Even the governor’s office was receiving calls. And some people who have had dogs gone missing in the last few months wondered if that was the fate of their pet.

Rick Stone of the Maine Warden Service said if the trapper who left the bodies at the site ever came forward, he would “ask him not to put a pile of bones in one place so that it doesn’t sound like a big satanic thing.”

Stone checked out the site off Darnit Hill Road on Friday morning after a man riding a dirt bike discovered what he said were about 60 dog remains in the woods. The man called the warden service soon after discovering the graveyard scene Wednesday, but he said when officials failed to respond to his report, he called the media.

“I talked to him Wednesday night,” Stone said, standing in the parking lot of the Buckfield town office to talk to the media Friday afternoon. “He didn’t describe something very urgent to me.” Stone told him that he would check it out Thursday or Friday, he said.

But the man, who wished to stay anonymous, said he felt the response from the state police, warden service and local dog officer was inadequate, and he called Channel 6 news, which broadcast the story Thursday night.

The site is in Sumner, close to the northwest corner of Buckfield. Following a woods trail 150 feet off a dirt road, Stone said he found 10 coyote, six fox, two deer and about 50 other skulls that could have been muskrat or fishers. He said they have been dumped there during the last five years. The warden service has had calls about that site in the past, he added.

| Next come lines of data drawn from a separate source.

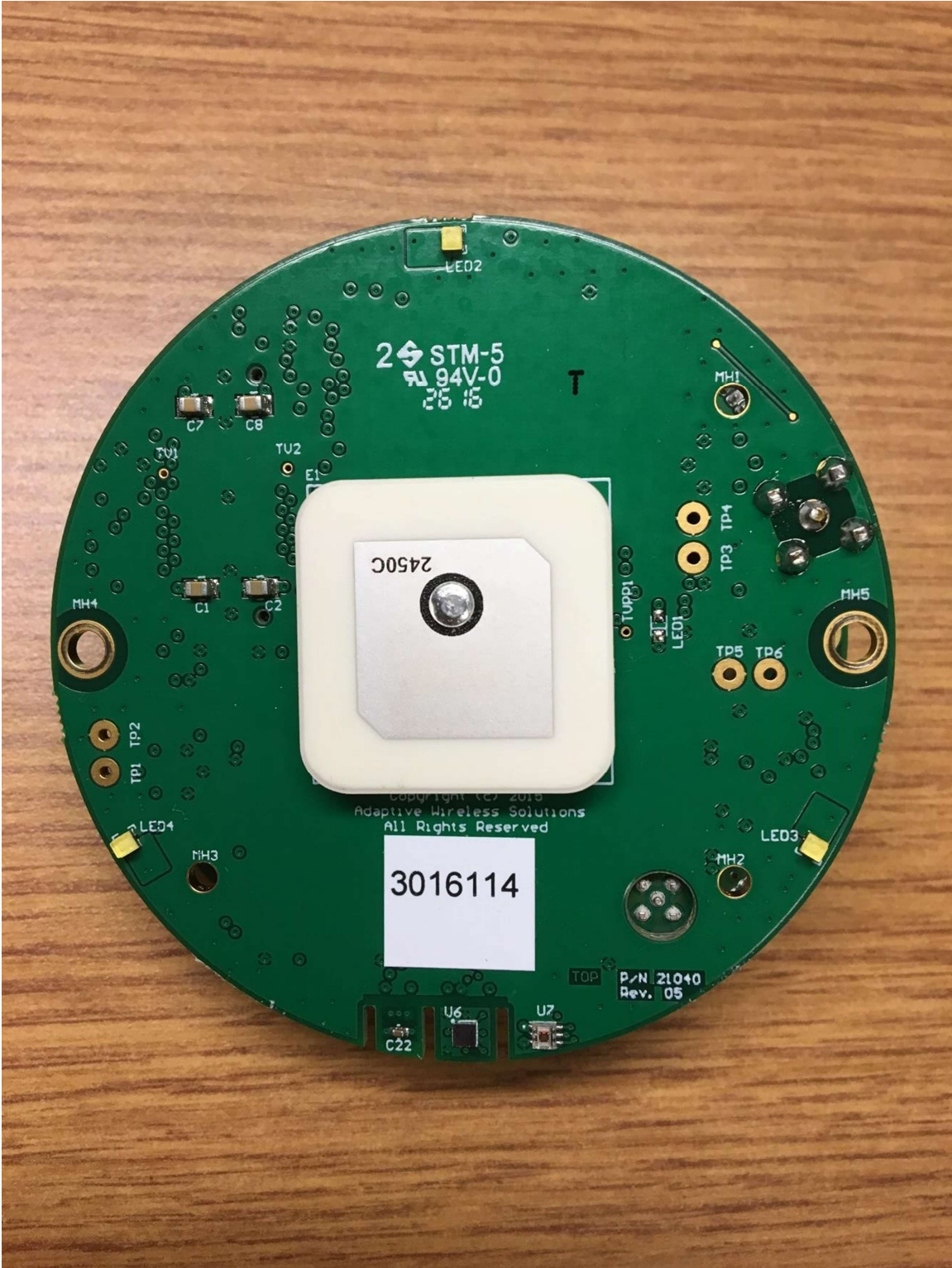
Top of RF PCB (BLE WLP.2450.25.4.A.02 antenna)
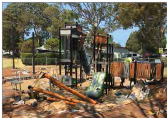
Work on the upgrade to the park and playground at Recreation Ground is getting closer to completion with much of the playground equipment now installed.

The swings and bouldering wall are now in place with a new public toilet to be installed next week.
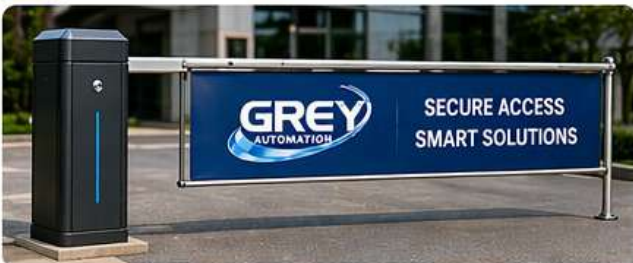
7. ADVERTISING BOOM BARRIER
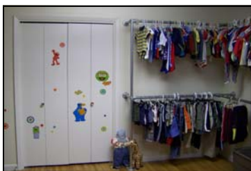
The HOPE Closet
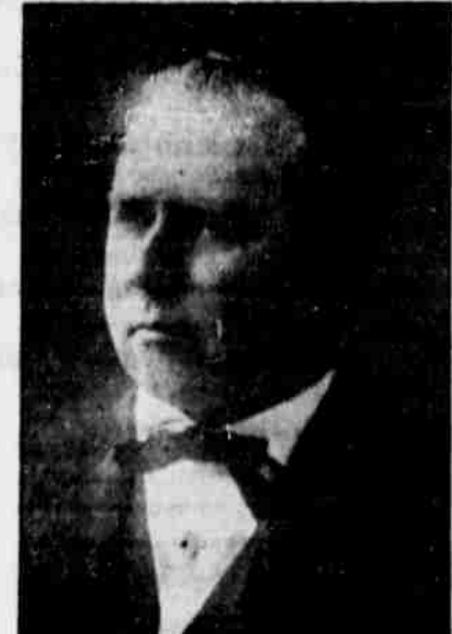
JUDGE WILL R. KING

Justice of the Supreme Court. Candidate for re-election for six-year term, whose plans are sought by George H. Burnett, the republican assembly nominee.
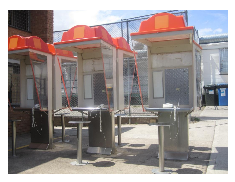
Telephones, Villawood IDC, February 2011.
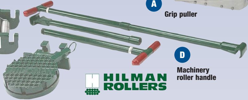
D Machinery roller handle
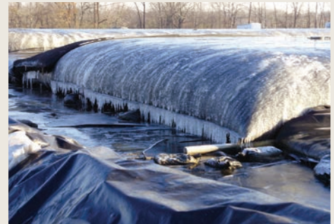
Dewatering under winter conditions
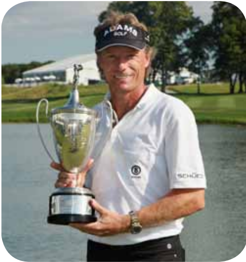
Bernhard Langer, 2009 3M Senior PGA Championship Winner

The 2009 3M Senior PGA Championship was held at the Tournament Players Club (TPC) in Blaine July 6 – 12. Bernhard Langer chipped in for an eagle on the 18th hole to win the 3M Championship – his second straight win on the Champions Tour.
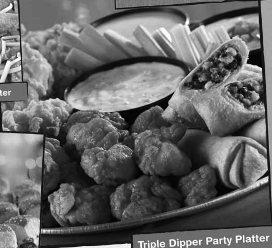
Triple Dipper Party Platter

Nothing makes a party an event quite like a Party Platter from Chili's. Call us and have fun.
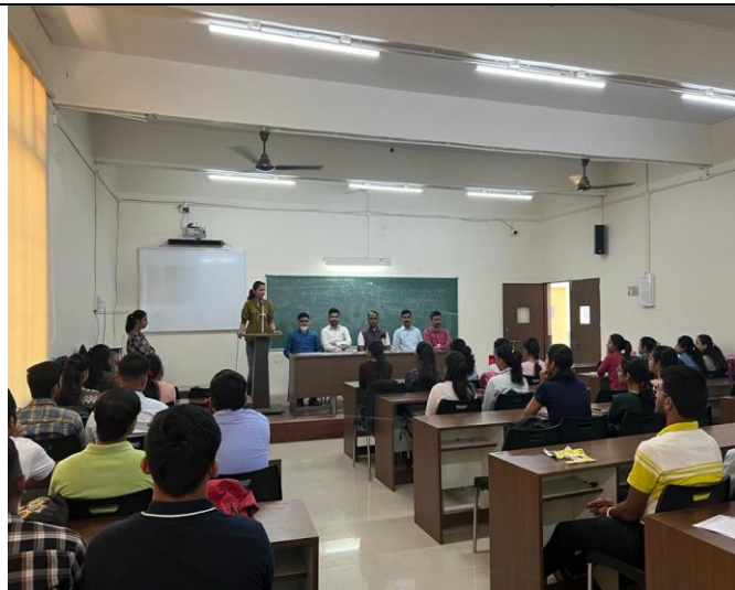
9. Session on “ Emerging Technologies for B.Tech. Students

“Trappers provide quite a service taking care of nuisances all over Maine,” Stone said. Trappers skin their catch and sell the hides, typically throwing away the rest of the animal’s remains. Sometimes when the animal is mangy, they’ll leave the entire animal behind.

A resident in neighboring Hartford, Heidi Corey, said when she listened to the news Thursday night, she immediately thought that her 16-year-old English Setter, lost since last November, could have been one of the carcasses.

“We just moved to the area, and we don’t know if he ran off,” she said, or if somebody picked him up.

Town Manager Glen Holmes said residents called his office with questions after seeing the news story. But he said if that many dogs had gone missing in town, he would have known about it.

“That was the biggest tip-off to me,” Holmes said. “You talk about 50 dogs or more. The town of Buckfield would have noted that many dogs missing.”